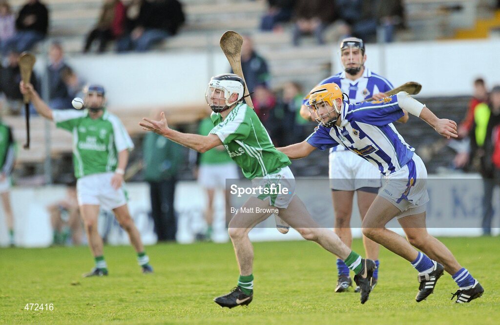 14 November 2010; Brian Kelly, O'Loughlin Gaels, in action against David Curtin, Ballyboden St Enda's. AIB GAA Hurling Leinster Club Senior Championship Semi-Final, O'Loughlin Gaels v Ballyboden St Enda's, Nowlan Park, Kilkenny. Picture credit: Matt Browne / SPORTSFILE
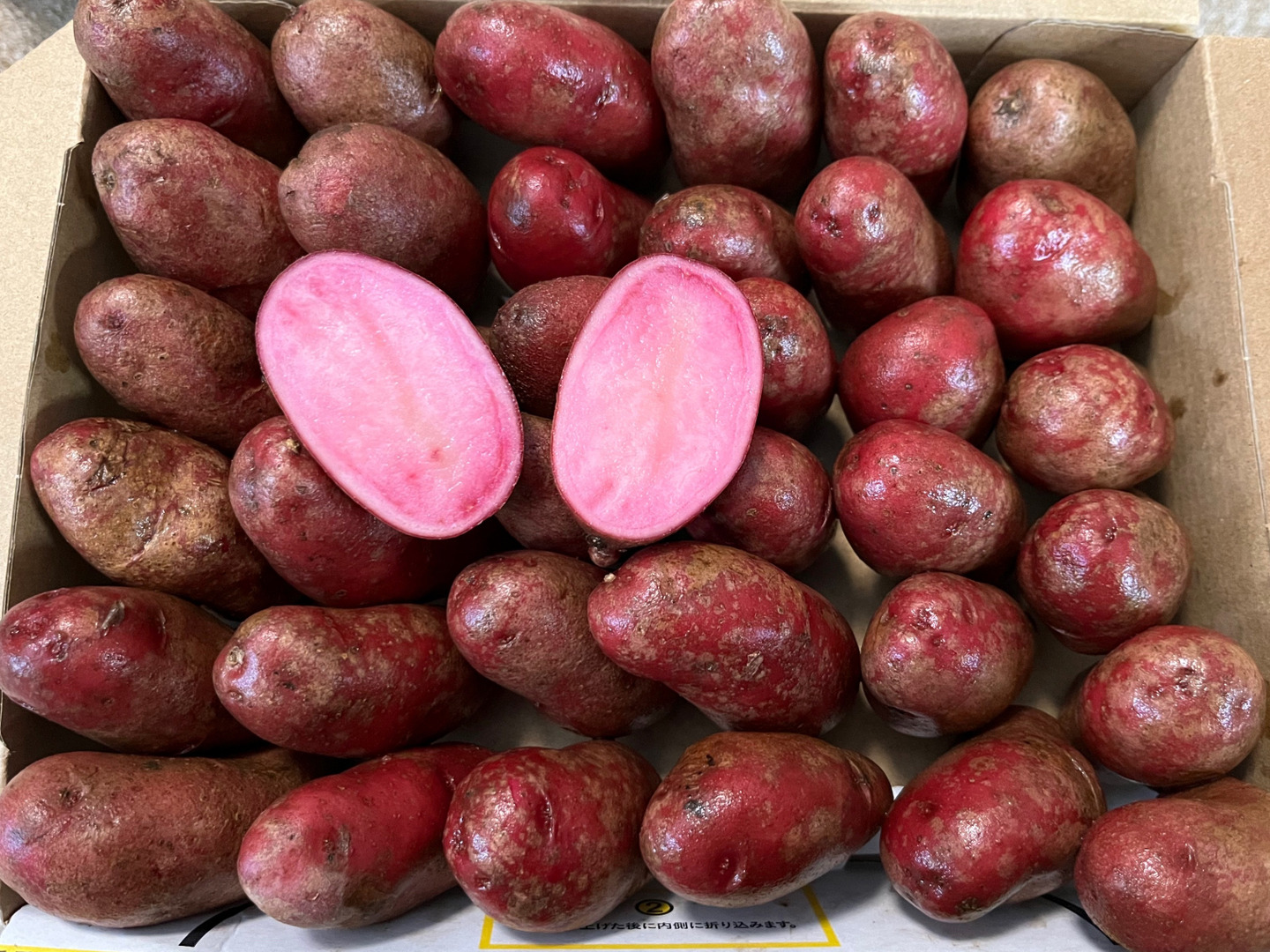 元種芋農家(種用のじゃがいもは国の貿易検査官がする非常に厳しい審査をクリアしなければならない)の経験があるから出来る、病気株の抜き取りや種の植え方などで通常21回程必要な農薬散布を最低限の4回のみにおさえたじゃがいもです。
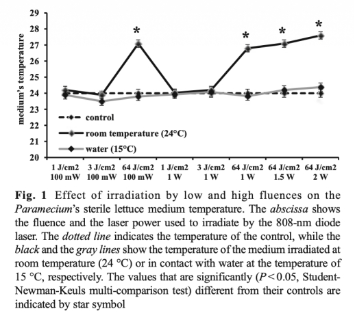 1 808納米、64 J/cm2-1 W激光療法比3 J/cm2-100 mW更能高效增強(qiáng)草履蟲(chóng)線(xiàn)粒體呼吸鏈活動(dòng),且效果不受約3°C溫度變化影響。
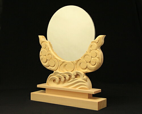 地金・鍍金の原材料の高騰が続いている為、価格が予告なく上がります。価格についてはご注文後に受注確認メール(ご注文直後にお送りする自動送信メールではなく、その後にお送りする送料等を記載したメール。)の価格をご確認くださいませ。見積り等、長期にわたる場合、ホームページ表示価格は参考価格とさせて頂き、ご発注時点での単価でお願いいたします。神鏡は、神様のめどう(目標)として使います。見えない自分の心を神鏡に映してふりかえり今日一日、 公明正大に誓いをたててすごします。真鍮板にニッケル鍍金を施した鏡と木曽桧で製作した雲形台です。神社さま等で使われている大きな神鏡と同じ仕様になります。※1尺1寸以上についてはお問い合わせください。弊社では、御神鏡と雲形台を購入いただく際に、一つ一つ御神鏡と雲形台の溝を合わせて、発送をさせて頂いております。すでに御神鏡もしくは雲形台をお持ちで、いずれか片方のご購入をご検討されているお客様へ※2通りのご購入方法をご案内いたします。(1)お手元の御神鏡もしくは雲形台を弊社へお送りいただきまして、実際に御神鏡もしくは雲形台の溝を合わせてお品をご購入いただく方法こちらの方法ですと、御神鏡と雲形台の溝がピッタリと合います。※加工費が別途必要となります。 加工費につきましては、お問い合わせくださいませ。※この場合の弊社にお送りいただきます際と弊社より返送させていただきます際の往復の送料は、実費ご負担をお願い申し上げます。(2)お手持ちの御神鏡の厚みを測っていただきまして、お伺いした御神鏡厚みに合わせて溝を打ち、雲形台を発送させていただく方法もしくは御神鏡が届き次第、調整していただけるように調整用ペーパー板(神鏡台の溝)を購入し、お客様ご自身が調整をしていただく方法こちらの方法ですと、御神鏡と雲形台の溝がピッタリ合わない場合がございます。※調整用ペーパー板 (神鏡台の溝用)は、こちらからご覧ください。※寸法・彫師によりデザインが写真と異なる場合があります。ご了承下さいませ。■サイズ(約・mm)径24.0cm 8寸■重量(約・g)—■材質御鏡:真鍮板にニッケルメッキ雲形台:木曽桧製■お手入れの方法月に一度は素手で中性洗剤を使って鏡を洗ってください。汚れが落ちてきたら流水で洗剤をきれいに洗い流します。水滴のふき取りは日本てぬぐいか、ガーゼで吸い取ってください。※ごしごしと拭くと鏡にキズが付いてしまいます。月に一度洗うだけで神鏡はかなり長く使っていただけます。逆に洗わないと2年くらい経つと鏡が曇ってしまいます。■替え時・処分の方法御鏡が曇ってしまったり、神棚や神具を新調する際にご一緒に交換してください。【御鏡】 お塩で清め処分してください。【雲形台】 お近くの神社様などでお焚き上げして頂くか、お塩で清め処分してください。こちらの商品は、店頭でも販売いたしております。在庫状況はすぐ反映するよう努めておりますが、売切れの場合はご容赦ください。商品写真の色合いは、お客様がお使いの情報端末デバイスの環境により若干異なって見える場合がございます。神鏡 神鏡台 鏡台 雲形 彫刻 神棚 神具 神祭具 送料無料

□ □ □ □ □

ASSIGNED TASK: The job is to set down the whole listing exactly, excluding any images.

TASK OUTPUT:
 14 November 2010; Brian Kelly, O'Loughlin Gaels, in action against David Curtin, Ballyboden St Enda's. AIB GAA Hurling Leinster Club Senior Championship Semi-Final, O'Loughlin Gaels v Ballyboden St Enda's, Nowlan Park, Kilkenny. Picture credit: Matt Browne / SPORTSFILE
 元種芋農家(種用のじゃがいもは国の貿易検査官がする非常に厳しい審査をクリアしなければならない)の経験があるから出来る、病気株の抜き取りや種の植え方などで通常21回程必要な農薬散布を最低限の4回のみにおさえたじゃがいもです。
 1 808納米、64 J/cm2-1 W激光療法比3 J/cm2-100 mW更能高效增強(qiáng)草履蟲(chóng)線(xiàn)粒體呼吸鏈活動(dòng),且效果不受約3°C溫度變化影響。
 地金・鍍金の原材料の高騰が続いている為、価格が予告なく上がります。価格についてはご注文後に受注確認メール(ご注文直後にお送りする自動送信メールではなく、その後にお送りする送料等を記載したメール。)の価格をご確認くださいませ。見積り等、長期にわたる場合、ホームページ表示価格は参考価格とさせて頂き、ご発注時点での単価でお願いいたします。神鏡は、神様のめどう(目標)として使います。見えない自分の心を神鏡に映してふりかえり今日一日、 公明正大に誓いをたててすごします。真鍮板にニッケル鍍金を施した鏡と木曽桧で製作した雲形台です。神社さま等で使われている大きな神鏡と同じ仕様になります。※1尺1寸以上についてはお問い合わせください。弊社では、御神鏡と雲形台を購入いただく際に、一つ一つ御神鏡と雲形台の溝を合わせて、発送をさせて頂いております。すでに御神鏡もしくは雲形台をお持ちで、いずれか片方のご購入をご検討されているお客様へ※2通りのご購入方法をご案内いたします。(1)お手元の御神鏡もしくは雲形台を弊社へお送りいただきまして、実際に御神鏡もしくは雲形台の溝を合わせてお品をご購入いただく方法こちらの方法ですと、御神鏡と雲形台の溝がピッタリと合います。※加工費が別途必要となります。 加工費につきましては、お問い合わせくださいませ。※この場合の弊社にお送りいただきます際と弊社より返送させていただきます際の往復の送料は、実費ご負担をお願い申し上げます。(2)お手持ちの御神鏡の厚みを測っていただきまして、お伺いした御神鏡厚みに合わせて溝を打ち、雲形台を発送させていただく方法もしくは御神鏡が届き次第、調整していただけるように調整用ペーパー板(神鏡台の溝)を購入し、お客様ご自身が調整をしていただく方法こちらの方法ですと、御神鏡と雲形台の溝がピッタリ合わない場合がございます。※調整用ペーパー板 (神鏡台の溝用)は、こちらからご覧ください。※寸法・彫師によりデザインが写真と異なる場合があります。ご了承下さいませ。■サイズ(約・mm)径24.0cm 8寸■重量(約・g)—■材質御鏡:真鍮板にニッケルメッキ雲形台:木曽桧製■お手入れの方法月に一度は素手で中性洗剤を使って鏡を洗ってください。汚れが落ちてきたら流水で洗剤をきれいに洗い流します。水滴のふき取りは日本てぬぐいか、ガーゼで吸い取ってください。※ごしごしと拭くと鏡にキズが付いてしまいます。月に一度洗うだけで神鏡はかなり長く使っていただけます。逆に洗わないと2年くらい経つと鏡が曇ってしまいます。■替え時・処分の方法御鏡が曇ってしまったり、神棚や神具を新調する際にご一緒に交換してください。【御鏡】 お塩で清め処分してください。【雲形台】 お近くの神社様などでお焚き上げして頂くか、お塩で清め処分してください。こちらの商品は、店頭でも販売いたしております。在庫状況はすぐ反映するよう努めておりますが、売切れの場合はご容赦ください。商品写真の色合いは、お客様がお使いの情報端末デバイスの環境により若干異なって見える場合がございます。神鏡 神鏡台 鏡台 雲形 彫刻 神棚 神具 神祭具 送料無料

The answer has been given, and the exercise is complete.